5. 24 января 1957 года, утро

   Я стою перед заместителем командира полка по летной подготовке подполковником Барановым так, как и положено стоять солдату перед командиром: руки по швам, грудь вперед, глаза "едят" начальство. Есть глазами начальство даже удобно: безо всякого видимого нахальства рассматриваешь это начальство, подмечая каждое изменение в его лице. Что же до "руки по швам и грудь вперед", то здесь все довольно-таки условно: на мне надето столько всякого, что я скорее похож на пингвина, чем на бравого солдата: огромные, на два размера больше, валенки, ватные штаны, толстая куртка на вате с большим цигейковым воротником и солдатская шапка с опущенными и завязанными под подбородком ушами. Так что где там грудь, а где все остальное, не сразу и разберешь.
   Зато подполковник Баранов, по сравнению со мной, выглядит щеголем: он в короткой кожаной куртке на меху, на голове шлемофон, на ногах уже знакомые мне рыжие собачьи унты – все то же, будто на дворе не январь, а октябрь, когда я повстречал подполковника Баранова впервые, и будто не прошло с тех пор больше года. Конечно, подполковнику что! Он сейчас сядет в кабину Ила, включит обогрев и – полетел! А ты дожидайся его тут на тридцатиградусном морозе.
   Подполковник только что принял от меня рапорт, что машина к полету готова, и хмуро разглядывает меня с ног до головы. Я знаю, почету он хмурится, но молчу: как механик самолета я не имею права докладывать о готовности самолета к полету – это дело техника. Но техника моего, лейтенанта Дятлова, нет, и мне приходится отдуваться за него. Краем глаза я уже заметил Дятлова, то появляющегося, то пропадающего среди сугробов: опять проспал мой Саня, опять у него будильник барахлит, и придется ему, судя по настроению подполковника, подставлять начальству одно место. Тут уж я своему командиру ничем помочь не могу. Знал ведь, что сегодня утром на разведку погоды полетит сам Баранов, знал и все равно проспал.

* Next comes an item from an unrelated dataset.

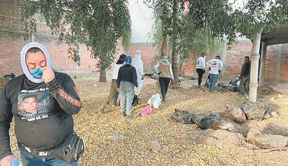 Además, las imágenes muestran numerosos bultos en bolsas de plástico negras amarradas con cinta plateada, donde presumiblemente hay cuerpos o restos humanos. El conteo de las buscadoras suma 27 bolsas de plástico, huesos al aire libre, botellas con ácido muriático, ropa esparcida por el lugar, y por los menos siete hoyancos que podrían servir como fosas clandestinas.

   – Так, так, – еще больше хмурится Баранов, – значит, говорите, готов? – и он, повернувшись к самолету и окинув его взглядом, начинает двигаться вдоль фюзеляжа от носа к хвосту. Вот постучал унтом по переднему колесу, как это делают шоферы, посмотрел, сняты ли заглушки с двигателей, провел перчаткой по обшивке возле лючка, за которым стоят аккумуляторы, понюхал кожу: не пахнет ли электролитом, не подтекают ли аккумуляторы.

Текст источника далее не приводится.